EXERCISE OBJECTIVE: Exactly and only the lines from the first entry through the line with "兒童木製玩具仿真粉白梳妝台化妝扮家家酒角色扮演玩具女孩套裝禮物" should be copied, both ends included, with no pictures.

RECORDS FOR THIS TASK:
▬▬▬▬▬▬▬▬▬▬

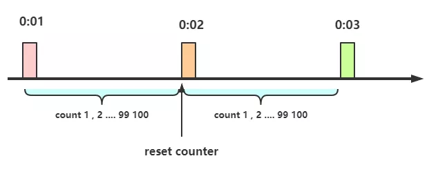 7  * 每分钟只允许100个请求,第一个请求进去的时间为startTime,在startTime + 60s内只允许100个请求
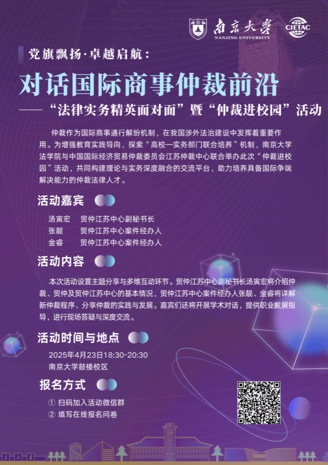为响应“统筹推进国内法治和涉外法治”战略部署,推动涉外仲裁人才培养,南京大学法学院与中国国际经济贸易仲裁委员会江苏仲裁中心(以下简称“贸仲江苏中心”)联合举办此次“法律实务精英面对面”暨“仲裁进校园”活动。本次活动将邀请具有丰富仲裁实务经验的贸仲江苏中心副秘书长和案件经办人,围绕贸仲及贸仲江苏中心情况、仲裁实践与发展等主题进行分享,为同学们搭建近距离接触商事仲裁法律人才的平台。该活动旨在“产教融合,协同育人”,探索高校与仲裁行业“联动培养”机制,帮助同学们在实践中了解商事仲裁法律实务与商事仲裁机构设置,助力同学们投入商事仲裁法律实践。
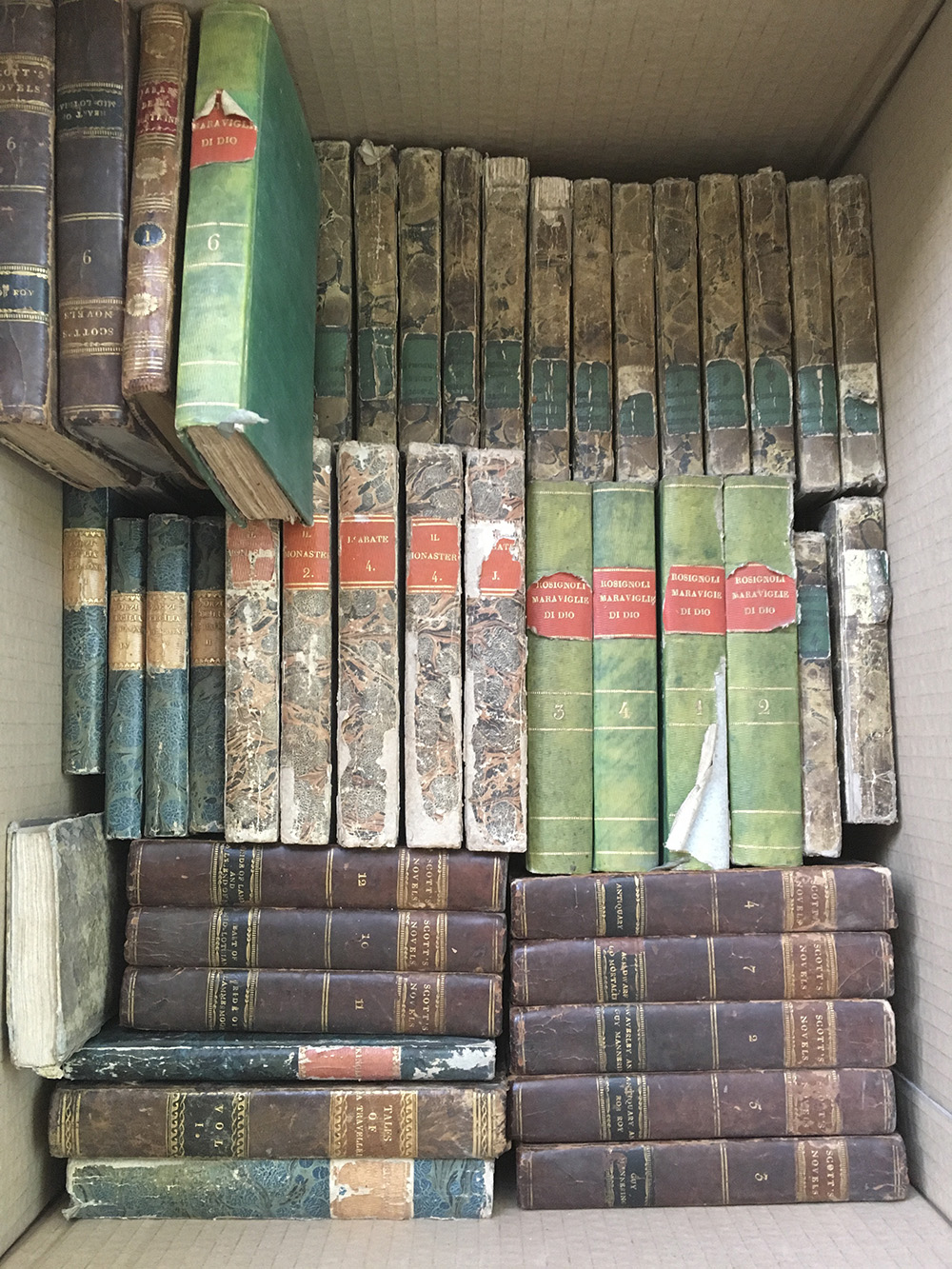 [ROMANTICISMO] Lotto di romanzi in 12mo e 16mo degli inizi del XIXI secolo in belle legature coeve in cartonato marmorizzato, alcuni illustrati. Non collazionato e difetti da esaminare.
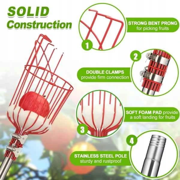 - ✅ Szerokie zastosowanie: Jesień to sezon zbiorów, ten zbieracz owoców jest bardzo odpowiedni do zbierania owoców, które są trudno dostępne w wysokich miejscach, takich jak pomarańcze, jabłka, gruszki, daktyle, grejpfruty, cytryny, morele, brzoskwinie itp.
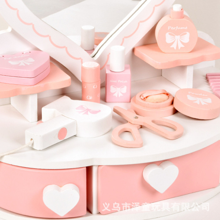 兒童木製玩具仿真粉白梳妝台化妝扮家家酒角色扮演玩具女孩套裝禮物
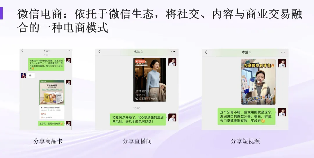 第二个身份商家或者达人,商家提供货品,达人提供内容。那么如果我们想要和微信做生意,商家就在这个里面提供优质的货品就可以了。机构说什么身份,是推客机构,帮助微信电商去招募推客。招募推客干嘛?招募推客来做全民分销,推客帮助微信小店去做分销。刚刚给大家晒的所有的收入,都是推客创造的,最后我们把商品分享给消费者,通过我们的朋友圈、社群、好友、直播间、短视频、商品卡的方式,最后完成消费的闭环。
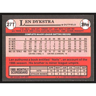 This is a 1989 Topps Traded Len Dykstra baseball card. The card is #27T and pictures show condition.
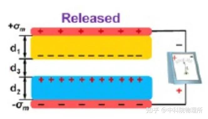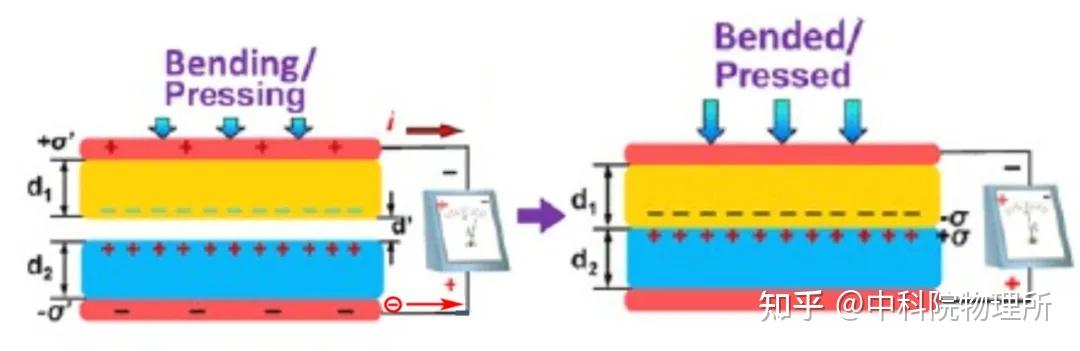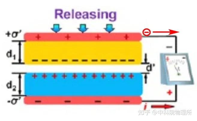 当外界压力被释放的时候,两者分开,为了保持各自电中性,小黄会将电子通过外电路传输给小蓝,形成前半周期的电流。
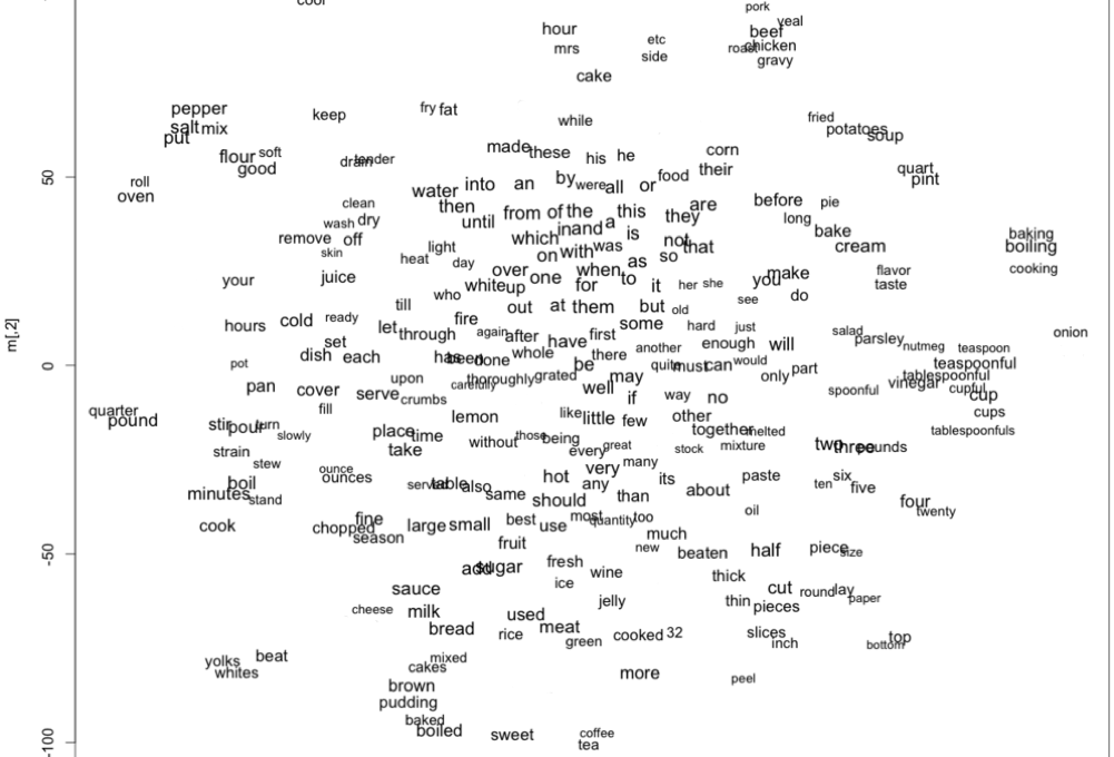 The concept of embeddings goes hand-in-hand with categorical variables. Individual words in an aerospace related social media document can be considered “values” or categories of a “text” variable. The analyst gets to choose the number of dimensions in semantic space along which the words will be placed. This means each word gets an embedding vector of N dimensions and is placed inside an N-dimensional semantic space. Figure 2 shows an example of word embeddings (albeit not aerospace words), visualized in a 2-dimensional semantic space. The clustering of words in this space becomes key in identifying, relating, and analyzing the nature of the text. The usefulness of word embeddings was first described by Collobert and Weston (2008).
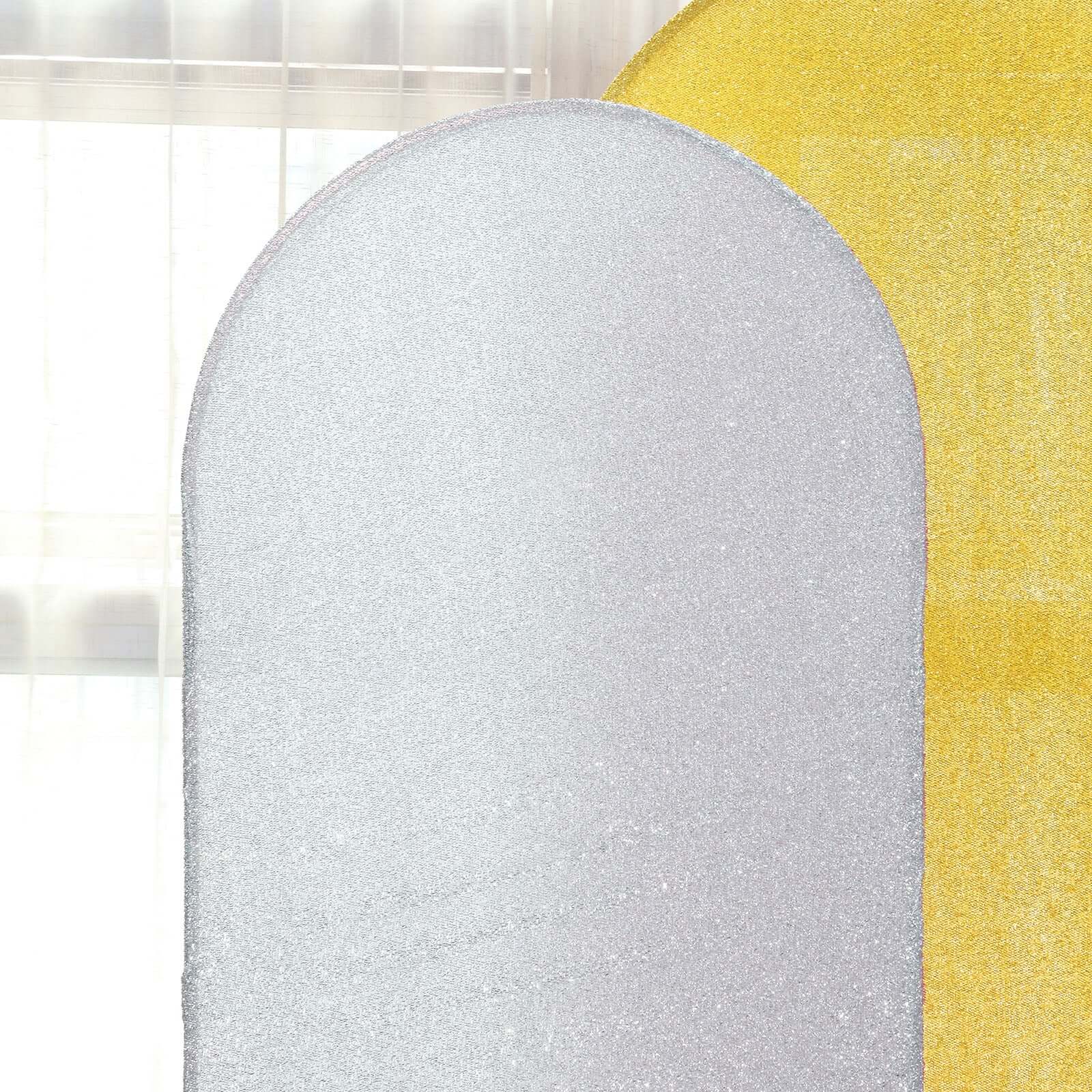 6ft Silver Shimmer Tinsel Spandex Chiara Backdrop Stand Cover For Fitted Round Top Wedding Arch
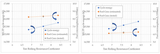 Effect of the tire rolling resistance on the cycle energy and fuel consumption in WLTP (left/right: gasoline/diesel).

▬▬▬▬▬▬▬▬▬▬

REPLY:
 7  * 每分钟只允许100个请求,第一个请求进去的时间为startTime,在startTime + 60s内只允许100个请求
为响应“统筹推进国内法治和涉外法治”战略部署,推动涉外仲裁人才培养,南京大学法学院与中国国际经济贸易仲裁委员会江苏仲裁中心(以下简称“贸仲江苏中心”)联合举办此次“法律实务精英面对面”暨“仲裁进校园”活动。本次活动将邀请具有丰富仲裁实务经验的贸仲江苏中心副秘书长和案件经办人,围绕贸仲及贸仲江苏中心情况、仲裁实践与发展等主题进行分享,为同学们搭建近距离接触商事仲裁法律人才的平台。该活动旨在“产教融合,协同育人”,探索高校与仲裁行业“联动培养”机制,帮助同学们在实践中了解商事仲裁法律实务与商事仲裁机构设置,助力同学们投入商事仲裁法律实践。
 [ROMANTICISMO] Lotto di romanzi in 12mo e 16mo degli inizi del XIXI secolo in belle legature coeve in cartonato marmorizzato, alcuni illustrati. Non collazionato e difetti da esaminare.
 - ✅ Szerokie zastosowanie: Jesień to sezon zbiorów, ten zbieracz owoców jest bardzo odpowiedni do zbierania owoców, które są trudno dostępne w wysokich miejscach, takich jak pomarańcze, jabłka, gruszki, daktyle, grejpfruty, cytryny, morele, brzoskwinie itp.
 兒童木製玩具仿真粉白梳妝台化妝扮家家酒角色扮演玩具女孩套裝禮物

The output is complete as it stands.